◆ Task goal
I'd like the full listing transcribed exactly, with no images included.
##### Exercise data
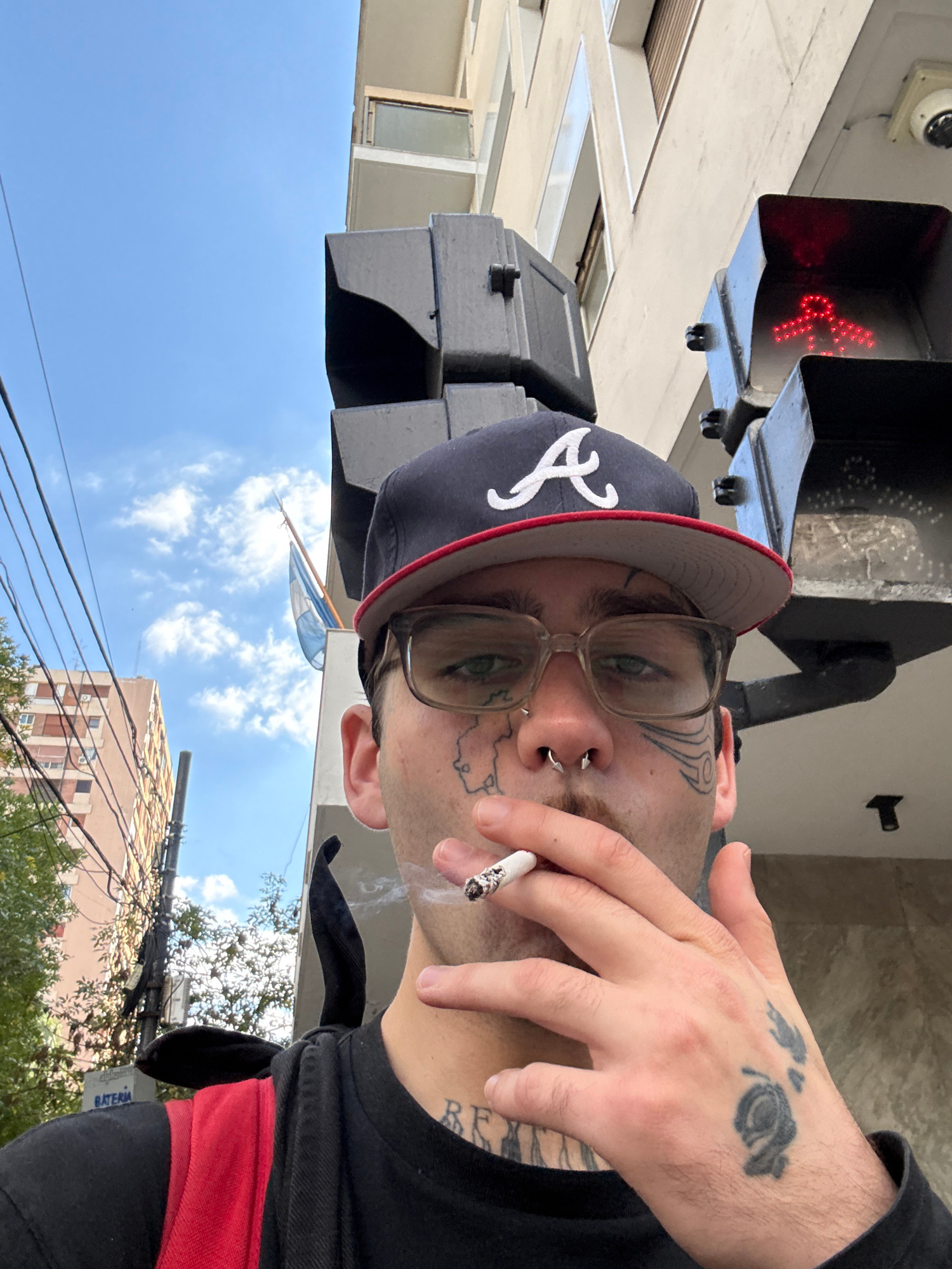 The image depicts a person with facial and hand tattoos, wearing glasses and a baseball cap with an "A" logo, and smoking a cigarette. The person has nose piercings. Behind them, a pedestrian traffic…read more
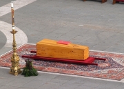 The photographs in 15 Years Ago....document his passing. Presented are images of the people who flocked to Rome to pay their last respects, and of the funeral mass that sent the most traveled pope in the history of the papacy on his final journey.
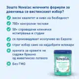 Составот на млечните формули Novalac е во склад со европските стандарди за детската млечна храна и не содржи генетски модифицирани организми (ГМО), а не содржи ни глутен.
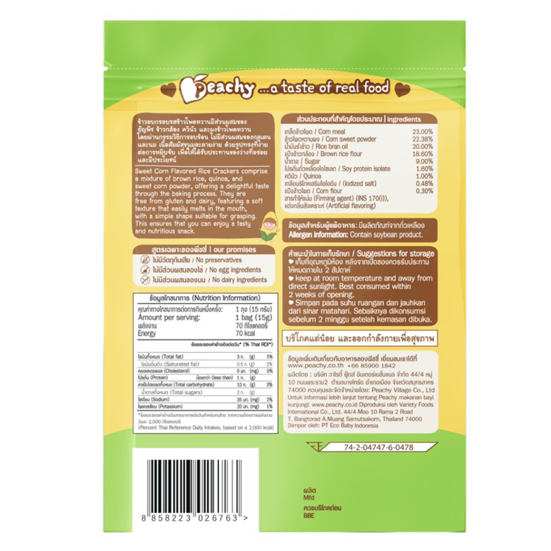 Peachy ข้าวอบกรอบ สำหรับเด็ก 10 เดือนขึ้นไป ช็อกโกบานาน่า ข้าวโพดหวาน ขนมเด็ก ขนมข้าวอบ Rice Cracker
##########
◆ Exercise solution
 The image depicts a person with facial and hand tattoos, wearing glasses and a baseball cap with an "A" logo, and smoking a cigarette. The person has nose piercings. Behind them, a pedestrian traffic…read more
 The photographs in 15 Years Ago....document his passing. Presented are images of the people who flocked to Rome to pay their last respects, and of the funeral mass that sent the most traveled pope in the history of the papacy on his final journey.
 Составот на млечните формули Novalac е во склад со европските стандарди за детската млечна храна и не содржи генетски модифицирани организми (ГМО), а не содржи ни глутен.
 Peachy ข้าวอบกรอบ สำหรับเด็ก 10 เดือนขึ้นไป ช็อกโกบานาน่า ข้าวโพดหวาน ขนมเด็ก ขนมข้าวอบ Rice Cracker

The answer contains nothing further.